▼

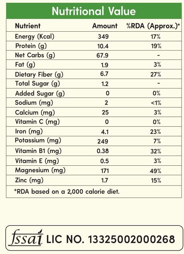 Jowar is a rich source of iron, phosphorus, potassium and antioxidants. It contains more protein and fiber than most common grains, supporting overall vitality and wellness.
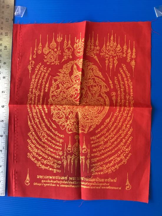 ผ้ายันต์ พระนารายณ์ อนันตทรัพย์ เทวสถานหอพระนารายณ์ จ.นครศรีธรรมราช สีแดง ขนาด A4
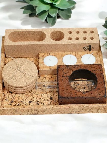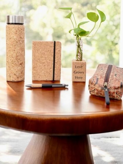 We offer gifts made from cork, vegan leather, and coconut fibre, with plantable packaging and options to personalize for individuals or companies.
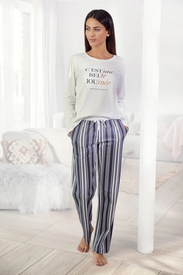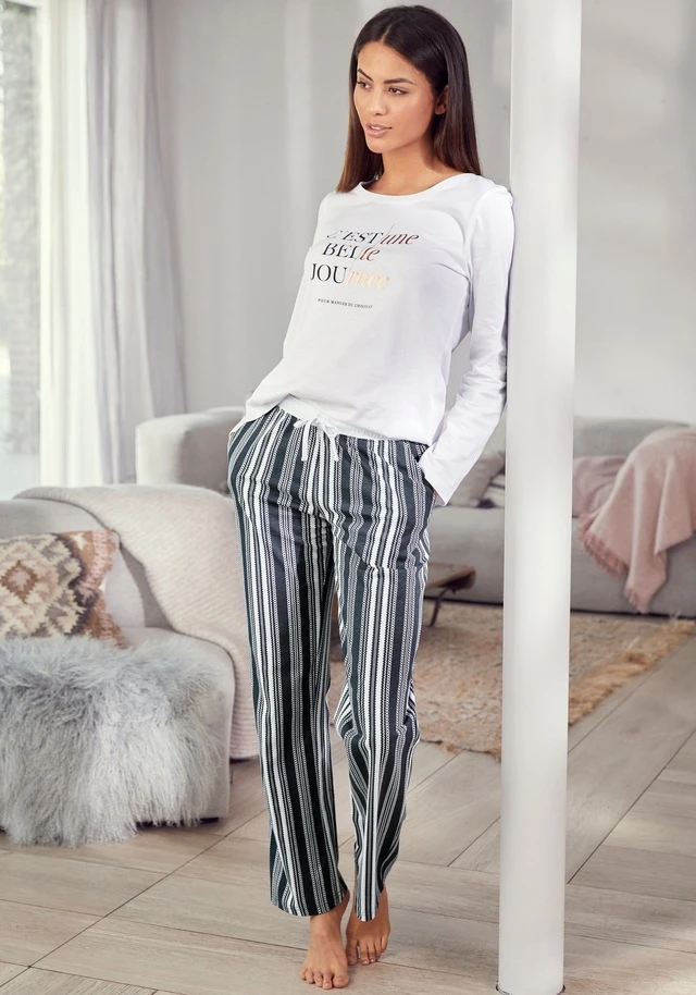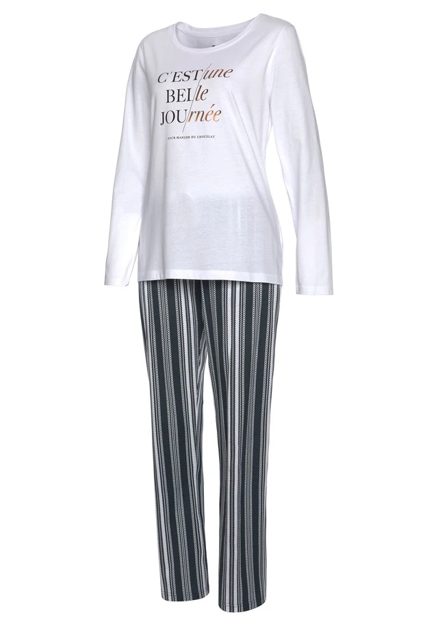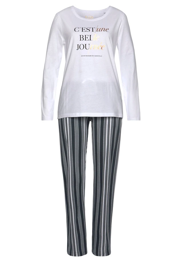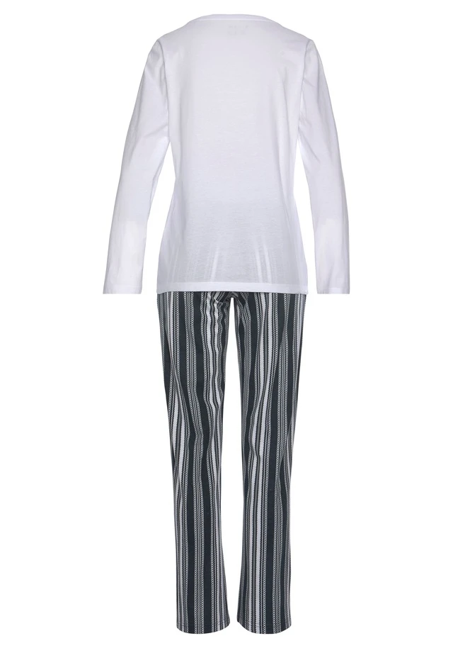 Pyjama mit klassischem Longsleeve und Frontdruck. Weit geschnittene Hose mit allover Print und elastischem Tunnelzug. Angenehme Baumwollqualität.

▲
▼

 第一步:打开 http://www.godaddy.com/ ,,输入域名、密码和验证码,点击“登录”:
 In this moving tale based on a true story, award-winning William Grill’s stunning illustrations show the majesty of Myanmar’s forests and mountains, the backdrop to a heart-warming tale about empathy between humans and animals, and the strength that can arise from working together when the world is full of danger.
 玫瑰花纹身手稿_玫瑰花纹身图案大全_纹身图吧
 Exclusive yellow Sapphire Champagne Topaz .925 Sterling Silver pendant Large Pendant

▲
▼

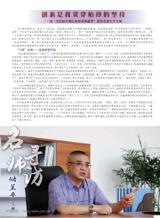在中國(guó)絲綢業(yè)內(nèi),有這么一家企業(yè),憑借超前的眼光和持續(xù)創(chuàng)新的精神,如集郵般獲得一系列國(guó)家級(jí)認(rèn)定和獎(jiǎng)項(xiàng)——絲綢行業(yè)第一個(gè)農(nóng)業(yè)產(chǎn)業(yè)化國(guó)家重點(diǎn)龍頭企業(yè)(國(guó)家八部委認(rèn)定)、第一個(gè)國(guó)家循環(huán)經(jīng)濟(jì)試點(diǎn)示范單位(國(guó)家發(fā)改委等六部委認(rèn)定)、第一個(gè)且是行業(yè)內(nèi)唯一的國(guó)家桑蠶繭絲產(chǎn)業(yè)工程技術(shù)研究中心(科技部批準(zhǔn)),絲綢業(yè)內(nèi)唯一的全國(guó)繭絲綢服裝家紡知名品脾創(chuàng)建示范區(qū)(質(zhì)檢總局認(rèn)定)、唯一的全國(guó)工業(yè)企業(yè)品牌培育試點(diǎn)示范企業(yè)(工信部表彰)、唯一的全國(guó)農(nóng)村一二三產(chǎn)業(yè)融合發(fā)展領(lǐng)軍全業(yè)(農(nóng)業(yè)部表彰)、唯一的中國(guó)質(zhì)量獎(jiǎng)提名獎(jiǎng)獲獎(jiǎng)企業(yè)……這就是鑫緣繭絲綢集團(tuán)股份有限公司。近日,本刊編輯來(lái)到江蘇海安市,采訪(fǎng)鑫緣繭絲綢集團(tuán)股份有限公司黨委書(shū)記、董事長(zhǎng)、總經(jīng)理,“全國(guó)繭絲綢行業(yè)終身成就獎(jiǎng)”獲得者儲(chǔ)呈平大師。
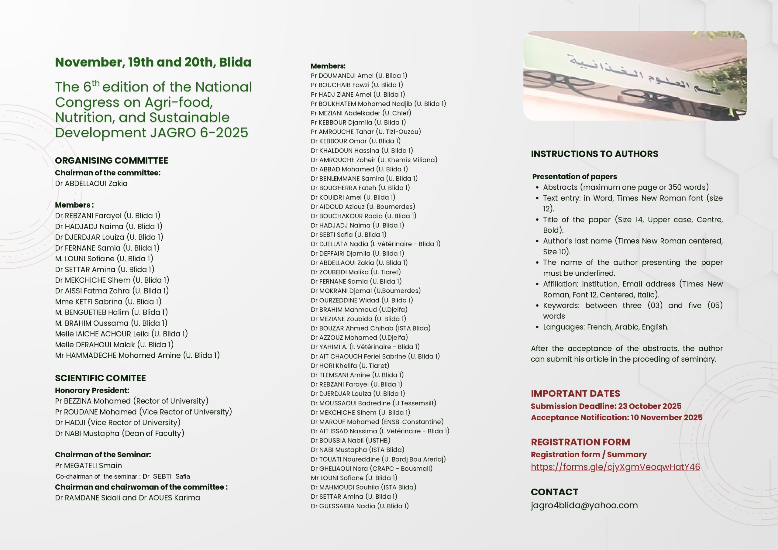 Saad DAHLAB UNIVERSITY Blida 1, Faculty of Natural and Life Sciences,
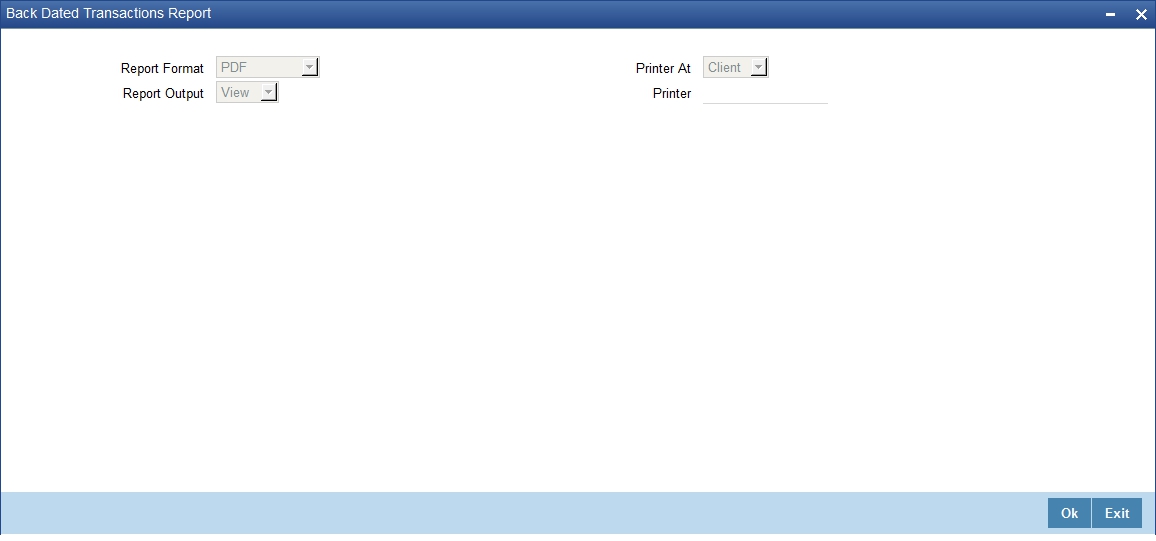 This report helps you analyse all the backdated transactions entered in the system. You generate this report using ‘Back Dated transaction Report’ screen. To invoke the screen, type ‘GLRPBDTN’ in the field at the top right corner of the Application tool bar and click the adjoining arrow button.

▲

| THE PROBLEM |
Once the line with "Jowar is a rich" has been found above, output that line and every later line exactly, stopping after the line with "We offer gifts", and omit the pictures.

| EXERCISE RESPONSE |
 Jowar is a rich source of iron, phosphorus, potassium and antioxidants. It contains more protein and fiber than most common grains, supporting overall vitality and wellness.
 ผ้ายันต์ พระนารายณ์ อนันตทรัพย์ เทวสถานหอพระนารายณ์ จ.นครศรีธรรมราช สีแดง ขนาด A4
 We offer gifts made from cork, vegan leather, and coconut fibre, with plantable packaging and options to personalize for individuals or companies.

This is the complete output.